13. The next ground relates to CIT(A) upholding the disallowance of 5 per cent of tea and tiffin expenses and telephone expenses. It has been argued by learned Authorised Representative, on behalf of the assessee, that tea and tiffin expenses are of the nature of expenses incurred for the welfare of the employees and should, therefore, be allowed. It has further been submitted that telephone expenses are required to be made solely for the purpose of business of dealing in foreign exchanges requiring large number of telephone calls being made inside the country and abroad. Hence, such expenses are eligible for complete deduction.
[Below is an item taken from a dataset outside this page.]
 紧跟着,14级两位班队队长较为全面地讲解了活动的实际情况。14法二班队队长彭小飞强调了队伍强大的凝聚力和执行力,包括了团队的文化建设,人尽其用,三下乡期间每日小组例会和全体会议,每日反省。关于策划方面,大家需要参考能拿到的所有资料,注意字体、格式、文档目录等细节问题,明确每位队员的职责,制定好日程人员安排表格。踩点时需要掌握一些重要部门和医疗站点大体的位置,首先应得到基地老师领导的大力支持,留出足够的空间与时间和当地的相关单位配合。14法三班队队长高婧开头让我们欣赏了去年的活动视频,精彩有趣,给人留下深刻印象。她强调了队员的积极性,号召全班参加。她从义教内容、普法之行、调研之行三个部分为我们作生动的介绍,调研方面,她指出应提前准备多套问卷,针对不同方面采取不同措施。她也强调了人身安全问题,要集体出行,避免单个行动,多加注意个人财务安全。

14. We, however, find from the order of CIT(A) that he has observed that the tea and tiffin expenses are mostly self-vouched and leave some possibility of non-genuine or non-business expenditure getting mixed up with genuine business expenses. For these reasons, he confirmed 5 per cent of the expenses incurred under the above head. Similarly, regarding telephone expenses also, he was of the view that the partners must have made certain telephone calls for their personal purposes also out of the telephones given to them.
15. We find that the occasion for personal use by the partners in a business like the assessee cannot be ruled out. Therefore, the nominal disallowance confirmed by the CIT(A) may not be interfered with. In agreeing with the content of the order of the learned CIT(A), in regard to these two disallowances, we dismiss this ground taken by the assessee.
16. In the result, the appeal of the assessee is partly allowed.